DATA TO EXAMINE section start

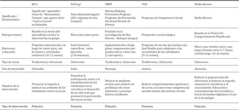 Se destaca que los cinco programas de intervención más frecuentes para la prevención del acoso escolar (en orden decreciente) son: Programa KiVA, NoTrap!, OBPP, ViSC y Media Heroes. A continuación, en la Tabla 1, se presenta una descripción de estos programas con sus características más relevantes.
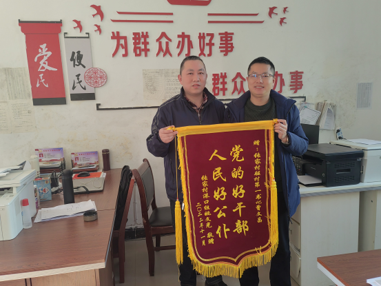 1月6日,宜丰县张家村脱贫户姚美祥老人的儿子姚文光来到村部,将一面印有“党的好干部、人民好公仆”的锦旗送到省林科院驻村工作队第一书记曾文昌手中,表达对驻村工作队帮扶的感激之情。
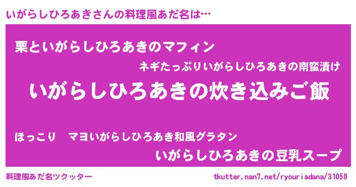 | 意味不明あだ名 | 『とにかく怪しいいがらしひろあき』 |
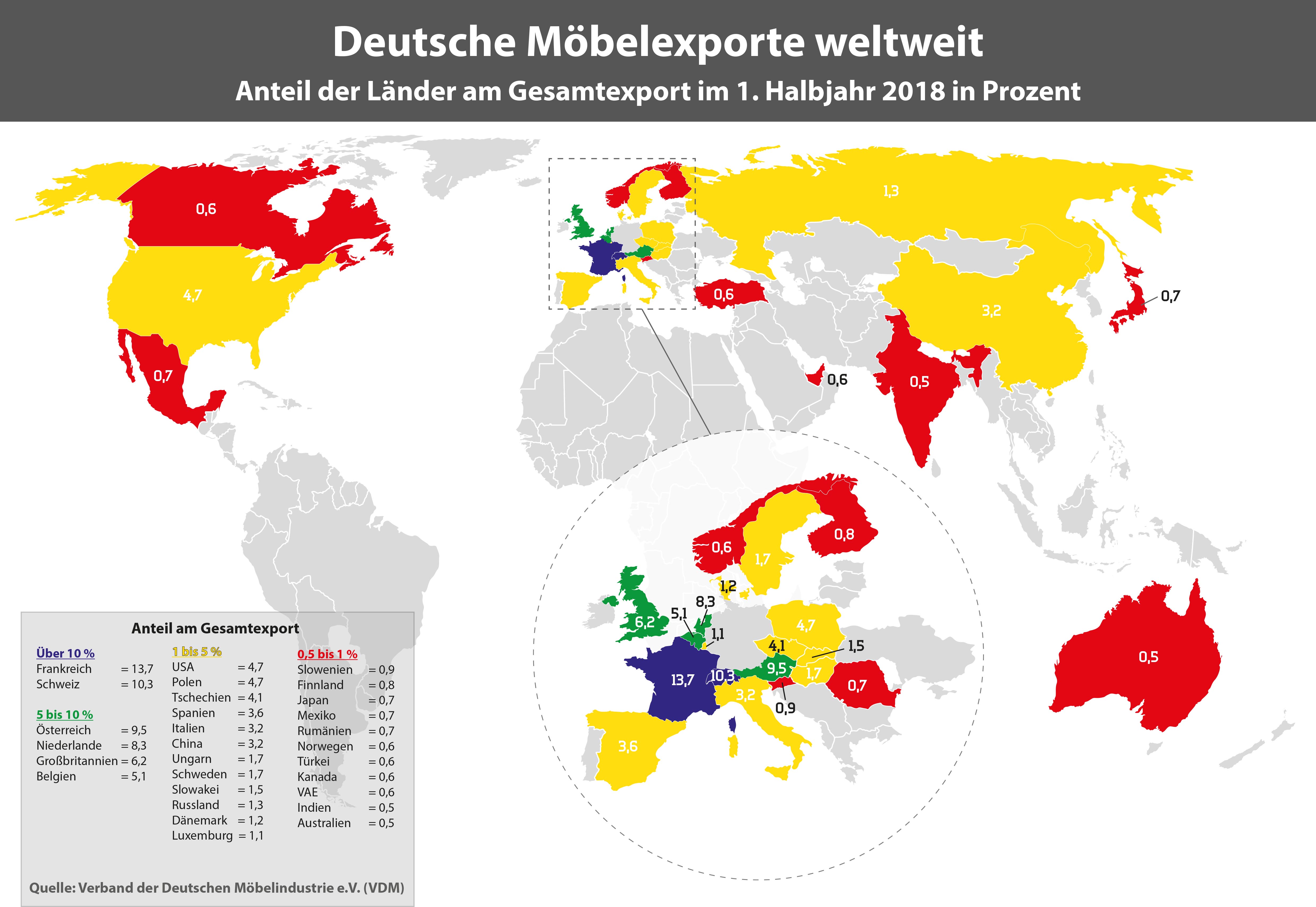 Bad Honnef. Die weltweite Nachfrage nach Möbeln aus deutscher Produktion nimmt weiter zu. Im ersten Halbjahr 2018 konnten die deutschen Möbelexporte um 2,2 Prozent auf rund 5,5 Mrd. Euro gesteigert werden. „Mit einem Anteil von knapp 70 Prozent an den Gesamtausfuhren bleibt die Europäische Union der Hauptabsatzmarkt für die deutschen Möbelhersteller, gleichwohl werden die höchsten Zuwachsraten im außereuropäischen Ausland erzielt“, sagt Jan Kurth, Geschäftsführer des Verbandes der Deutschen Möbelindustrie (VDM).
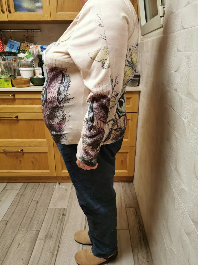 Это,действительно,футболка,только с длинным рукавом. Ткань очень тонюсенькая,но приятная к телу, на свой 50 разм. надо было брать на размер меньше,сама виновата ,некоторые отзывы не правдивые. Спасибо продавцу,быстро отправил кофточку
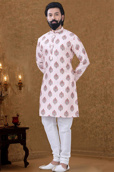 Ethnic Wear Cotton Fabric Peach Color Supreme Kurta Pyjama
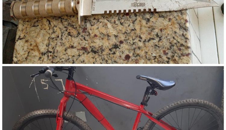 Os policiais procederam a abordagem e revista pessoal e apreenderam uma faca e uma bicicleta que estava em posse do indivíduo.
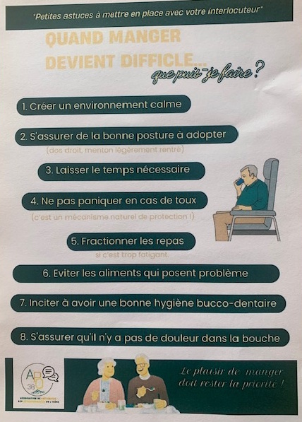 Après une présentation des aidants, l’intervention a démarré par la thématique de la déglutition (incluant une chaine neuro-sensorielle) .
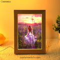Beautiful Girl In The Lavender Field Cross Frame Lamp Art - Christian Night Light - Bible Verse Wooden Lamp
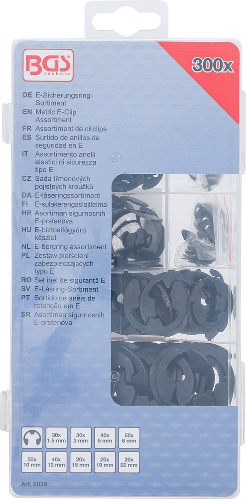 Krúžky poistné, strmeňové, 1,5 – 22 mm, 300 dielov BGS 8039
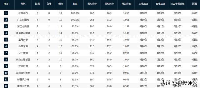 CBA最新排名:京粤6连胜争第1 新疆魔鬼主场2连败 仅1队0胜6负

DATA TO EXAMINE section end

WHAT IS REQUIRED.
Would you reproduce the lines above, from the very first through the line containing "Os policiais procederam", exactly and without the pictures?

TASK OUTPUT.
 Se destaca que los cinco programas de intervención más frecuentes para la prevención del acoso escolar (en orden decreciente) son: Programa KiVA, NoTrap!, OBPP, ViSC y Media Heroes. A continuación, en la Tabla 1, se presenta una descripción de estos programas con sus características más relevantes.
 1月6日,宜丰县张家村脱贫户姚美祥老人的儿子姚文光来到村部,将一面印有“党的好干部、人民好公仆”的锦旗送到省林科院驻村工作队第一书记曾文昌手中,表达对驻村工作队帮扶的感激之情。
 | 意味不明あだ名 | 『とにかく怪しいいがらしひろあき』 |
 Bad Honnef. Die weltweite Nachfrage nach Möbeln aus deutscher Produktion nimmt weiter zu. Im ersten Halbjahr 2018 konnten die deutschen Möbelexporte um 2,2 Prozent auf rund 5,5 Mrd. Euro gesteigert werden. „Mit einem Anteil von knapp 70 Prozent an den Gesamtausfuhren bleibt die Europäische Union der Hauptabsatzmarkt für die deutschen Möbelhersteller, gleichwohl werden die höchsten Zuwachsraten im außereuropäischen Ausland erzielt“, sagt Jan Kurth, Geschäftsführer des Verbandes der Deutschen Möbelindustrie (VDM).
 Это,действительно,футболка,только с длинным рукавом. Ткань очень тонюсенькая,но приятная к телу, на свой 50 разм. надо было брать на размер меньше,сама виновата ,некоторые отзывы не правдивые. Спасибо продавцу,быстро отправил кофточку
 Ethnic Wear Cotton Fabric Peach Color Supreme Kurta Pyjama
 Os policiais procederam a abordagem e revista pessoal e apreenderam uma faca e uma bicicleta que estava em posse do indivíduo.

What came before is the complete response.